John Commins, for HealthLeaders Media , October 18, 2010

In addition to expanding their rank and file, Trivisonno says healthcare unions will tap their connections in the federal and state government to push for hot-button mandates like staffing ratios.

"You will begin to see decisions coming out, we are already seeing some, that are going to further provide unions with additional protections and rights, not just to organize, but with employee discharges, the ability to strike, permanent replacements, a host of things," he says.

Trivisonno says that—if Republicans take the House next month—NRLB will be pressed "to jam as many decisions in as they can, this very liberal NLRB, between now and August," when the term of President Obama's controversial recess appointment of labor lawyer Craig Becker expires.

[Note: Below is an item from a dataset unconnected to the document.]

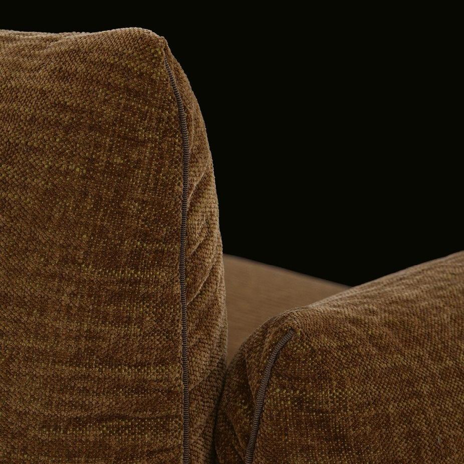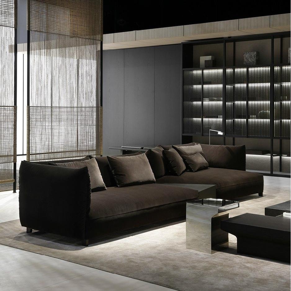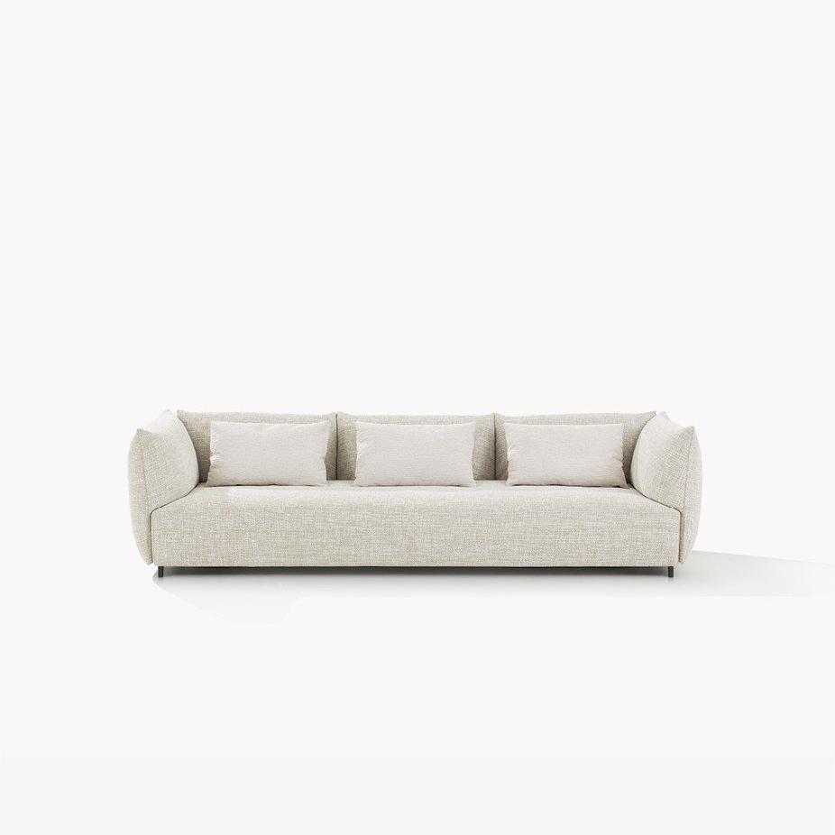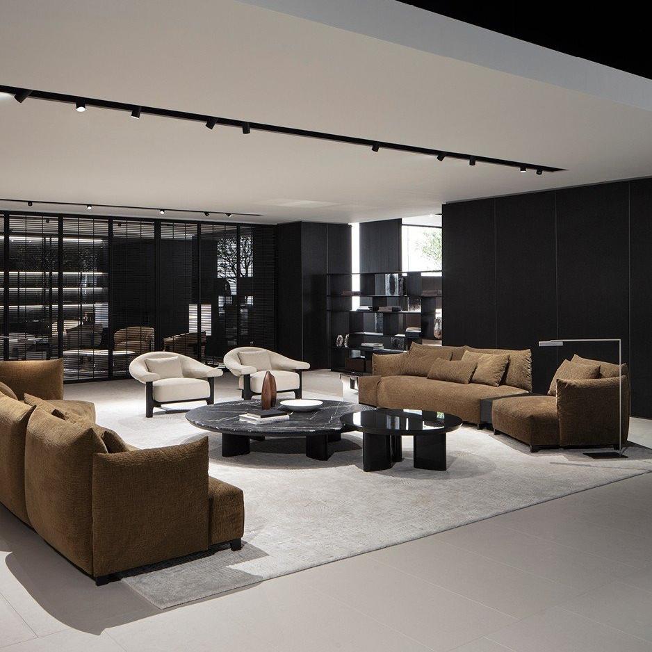 This sofa showcases a minimalist aesthetic. Its simple lines complement the large volume, and the design inspiration comes from the fashion industry, presenting perfect proportions and exquisite details. The sofa offers the option of same color or contrasting rolled edges, and personalized configuration is achieved through circular or linear modular components.

"It will be a much less liberal board after August of next year. I would look for that. They will overturn cases that currently exist. Clearly they will be favorable to labor unions," Trivisonno says.

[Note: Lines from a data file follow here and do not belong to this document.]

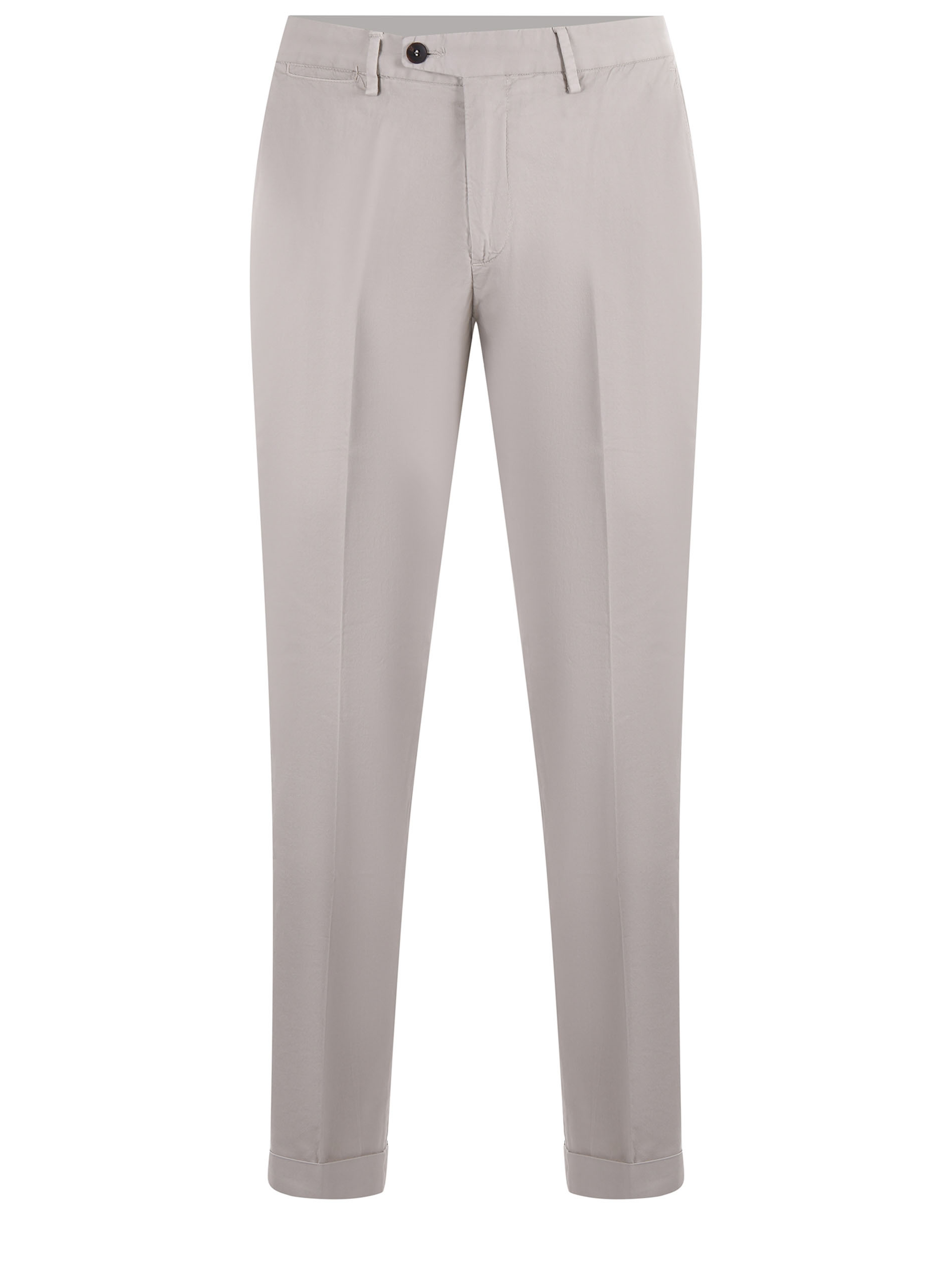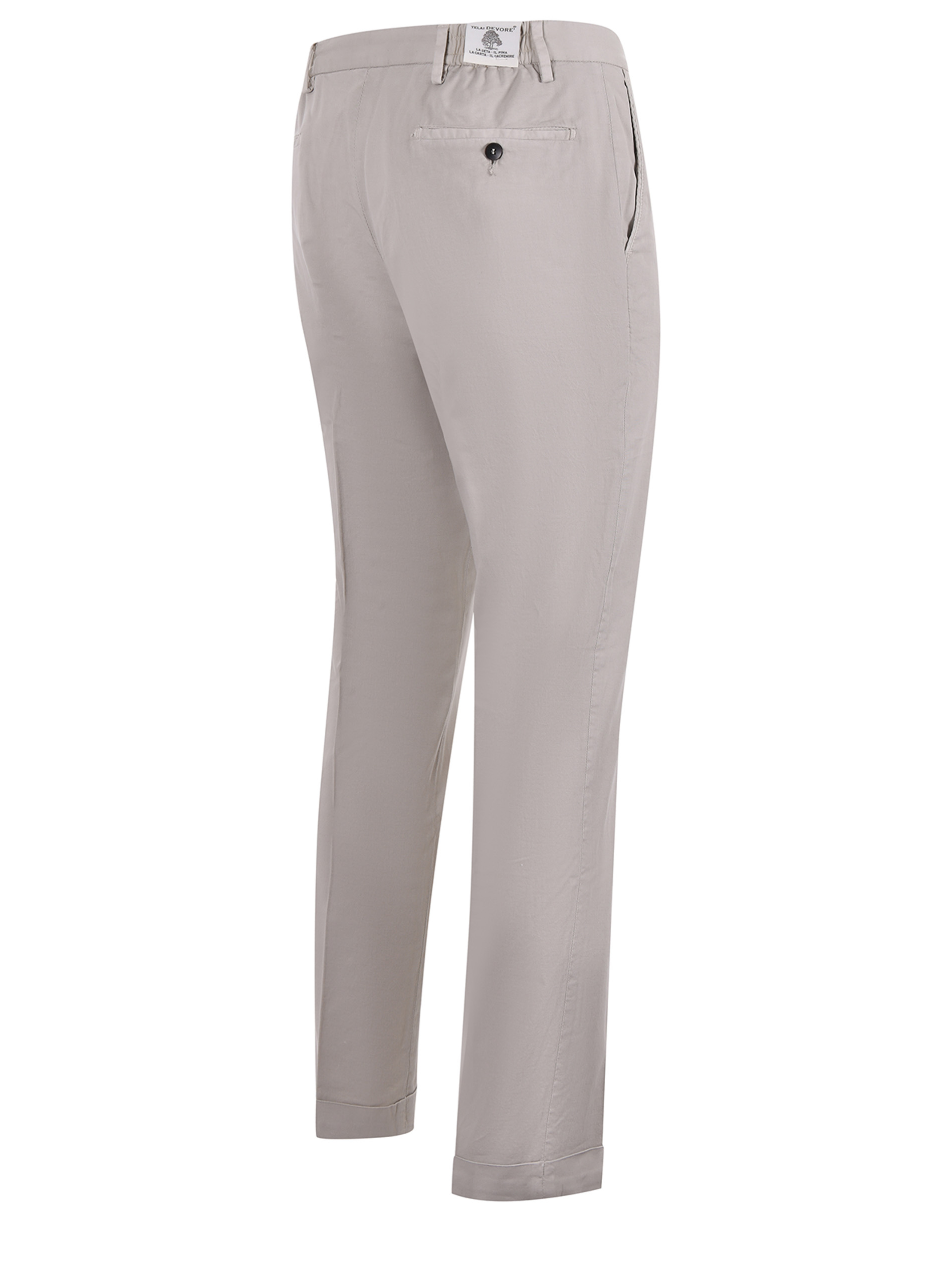 Pantaloni Devore in tessuto leggero di cotone, seta e cashmere stretch color Sabbia. Tasche america. Tasche posteriori a filo con bottone. Gamba dritta. Risvolto 35 mm cucito al fondo. Chiusura con zip e gancio.
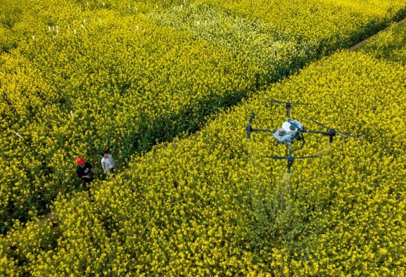 重慶南川區(qū)的油菜田上空一架無人機(jī)在駕駛員的操控下,忙碌地進(jìn)行著飛防作業(yè)。無人機(jī)騰空而起,在油菜田上空按照預(yù)定路線勻速飛行,精準(zhǔn)進(jìn)行飛防作業(yè)。
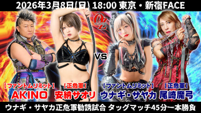 【26.3.8新宿】ウナギ・サヤカ正危軍勧誘試合など全5試合が決定!

Organized labor often taps into the anxiety of workers during a recession, which Trivisonno says was shown in the spike in union victories in decertification elections. "Unions won nearly 90% of the de-cert elections in the first six months of last year. That number is off the charts," he says. "It's the economy again. Employees have concerns about downsizing and benefits. They are seeing these things happening, and the union says if you have a union contract this couldn't happen. Without a union contract, the employer is free to make changes."
Trivisonno believes that nurses unions' influence might increase as the economy recovers and the nursing shortage returns as an issue.

"You will see some additional union organizing and pushes for state and federal legislation around staffing ratios," he says. "In nursing, as staffing becomes a bigger issue, nurses will seek out unions in an attempt to fix that problem for them and potentially get staffing ratios in a collective bargaining agreement."

Trivisonno says NNU has accomplished a lot since its formation last year, and he credits the effective leadership and cooperation between NNU and SEIU for much of the success.

"The arrangement is the NNU gets the nurses, the SEIU gets everyone else," he says.